I’ve never been the kind of person who can fall asleep during a movie…in fact I’ve always privately marvelled as childhood friends/college roommates often actually put on something to fall asleep to. The low-rent lullaby effect has always been lost on me, as any stimulus stands a fair chance of drawing my ever-waking attention. Knowing this, I put on a lengthy comedic podcast (my other addiction), turned off the lights, and retired to bed around midnight – though not before rigging my light switch’s dimmer up with a string I kept near to hand.
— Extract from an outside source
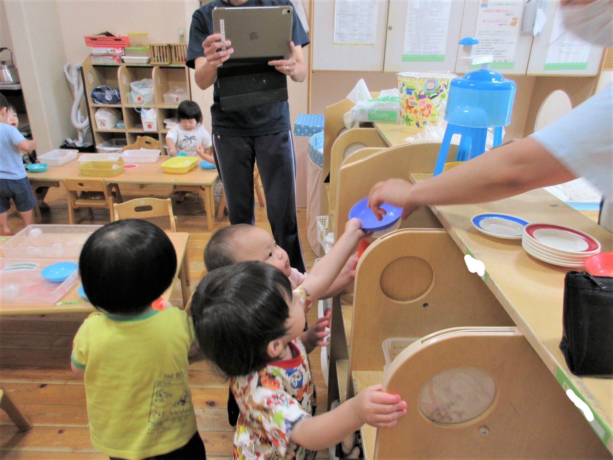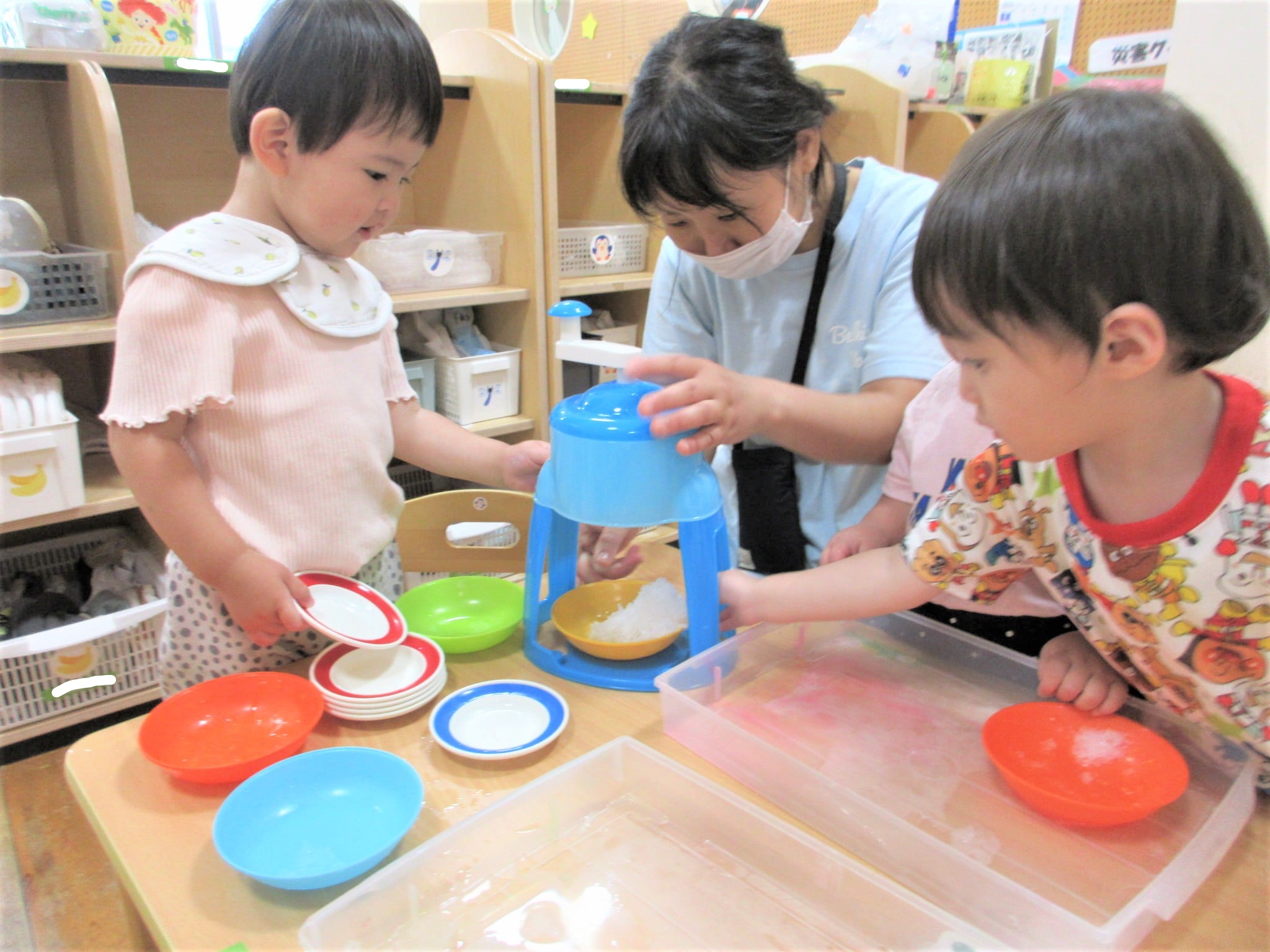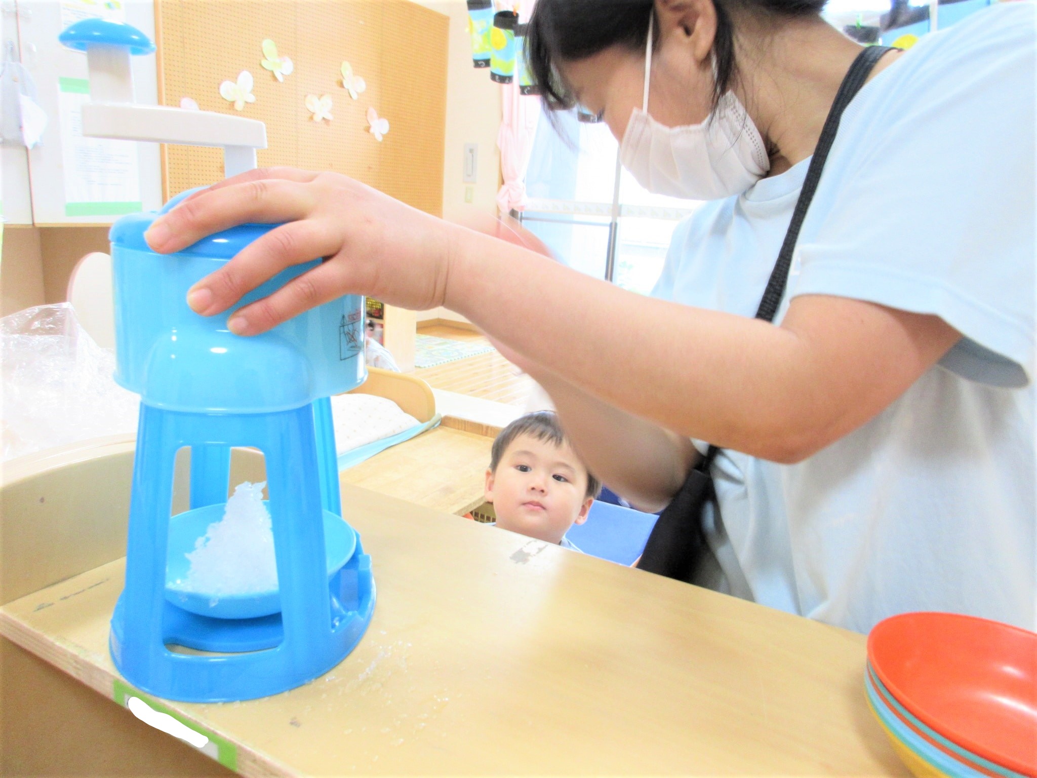 「おかわり~♪」みたいな感じで“あひる組のかき氷屋さん”が始まりました(笑)

I lay completely still for over an hour in the dark trying to focus only on aural stimuli, rather than physical, as the crucial part of the experiment. This is a difficult feat at any time for me, a naturally fidgety type, but I persevered in the name of dogged inquiry. As the show ended I sharply brought the dimmer up to blinding light level and, after a moment’s visual adjustment, took in my immediate surrounds.
Unlike the aforementioned Mick Jagger I did get some satisfaction, though in a way I never hope to again for the rest of my life. Happily sitting in the inside bend of my left elbow was an insect; well, sitting doesn’t quite describe what it was doing, fully. I was in the arresting process of being subtly consumed by the said insect, a process I’ll fully admit I reacted to with excessive force. Jumping up to the mirror in my room I found another engaged similarly just below my right ear, and after a frantic and unrepeatable dance of self-flagellation (he had another friend on my left shoulder blade) I let out a string of obscenities both lengthy and inventive. I tore the mattress off its frame/box spring combination unit and gave it a lengthy inspection, then began to repeat the process with the bed frame itself. This lamentable piece of furniture, I’ve since found out, was acquired on the cheap right before my arrival, as the room’s previous occupant had his own bed set. Alas.
I had found the source of my ‘skin condition’ in the form of a revolting multitudinous conglomeration within the strangely antiquated bed base which, after a few moments of frenzied activity, soon found itself flying off the back deck and crashing down three stories into the bushes below. My remarkable weight loss was further contextualized as I watched it arc down into the darkness, and after a thorough sweep of every crevice in my now maliciously-aspected room turned up a number more maleficent tenants (which I’ll admit met some cruel and unusual ends) I could finally sleep, though now with the certain knowledge of what hidden terrors awaited my inattention.
In the end I was left to sleep on the floor, with occasional red-marked visits, for some time until a new bed frame arrived to elevate me. After the simple application (taken from an internet message board concerning night time scorpions in west Texas) of water-filled metal cans to the bottoms of the bed legs I was finally able to slumber and wake up more full of vim and vigour than I left the last day with. It is, after all, remarkable what solid and worry-free sleep will do for your physical and mental health: as surely as an oxygen-deprived pearl diver returning to the surface, I began to feel better immediately. I recommend blissful sleep to any who haven’t yet tried it.